EM Algorithm EM算法

EM algorithm is a iterative optimization algorithm. EM is the abbreviation of expectation maximization. EM do not apply for all the optimization problems.

Remember! EM always converge but it can be a local optima.

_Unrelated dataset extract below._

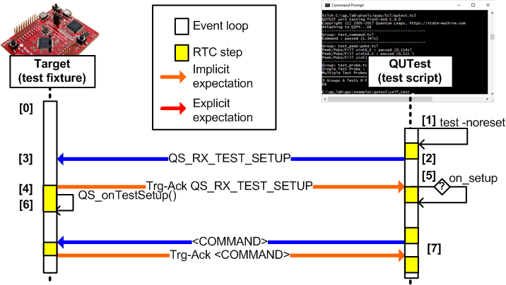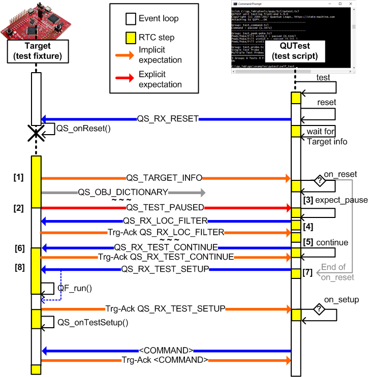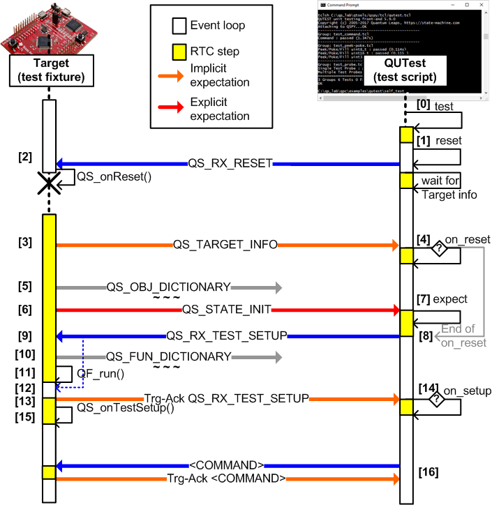on_reset() procedure ends and the test script sends QS_RX_TEST_SETUP to the Target. QS_RX_TEST_SETUP typically arrives while the test fixture still runs the initialization RTC. Therefore, QS_RX_TEST_SETUP is not processed immediately and its processing is delayed until the end of the current RTC step. QF_run(). QF_run() runs an event loop, in which it processes commands that have accumulated from the test script. QS_RX_TEST_SETUP, which has been waiting in the input buffer. QS_RX_TEST_SETUP is sent back to the test script Trg-Ack QS_RX_TEST_SETUP, the test script attempts to execute the on_setup() procedure. If on_setup() is defined in the script, it runs at this time. NOTE: The main purpose of the

EM applies for GMM, K-Means clustering, HMM, etc.

Jensen’s Inequality

convex function $f, f’’ > 0$; concave function $f, f’’<0$
$E[f(x)] \geq f(E[x]) \ \ \ \ \ f$ is convex
$E[f(x)] \leq f(E[x]) \ \ \ \ \ f$ is concave
If and only if $x$ is constant equal sign is taken.
图片来源
在这里插入图片描述

EM

${z_i}_{i=1\sim N}$ — $x_i$ belongs to $(z_i)^{th}$ distribution
$Q_i(z_i)$ — the probability distribution of $z_i$
(You can also turn $z_i$ into a vector and each dimension represents the probability.)

MLE:
$\max E(\theta)$
$E(\theta) = \prod\limits_{i=1}^N P(x_i|\theta) = \prod\limits_{i=1}^N [\sum\limits_{z_i}P(x_i, z_i | \theta)]$
$l(\theta) = \sum\limits_{i=1}^N\log[\sum\limits_{z_i} P(x_i,z_i|\theta)]$

$\theta_i$ — the parameter of $i^{th}$ iteration

randomize theta_0
while (!converge)
{
$$
\ \ \ \ \ \ \ \ E-step: \ \
\ \ \ \ \ \ \ \ \ \ \ \ \ \ \ \ Q_i(z_i) = \frac{P(x_i, z_i|\theta_k)}{\sum\limits_{z_i} P(x_i,z_i|\theta_k)} \
\ \ \ \ \ \ \ \ M-step: \ \
\ \ \ \ \ \ \ \ \ \ \ \ \ \ \ \ \theta_{k+1} = \arg\max\limits_{\theta}\sum\limits_{i=1}^N\sum\limits_{z_i} Q_i(z_i)\log \frac{P(x_i,z_i|\theta)}{Q_i(z_i)}\
$$
}

Jensen’s inequality applies in M-step and the prove of convergence.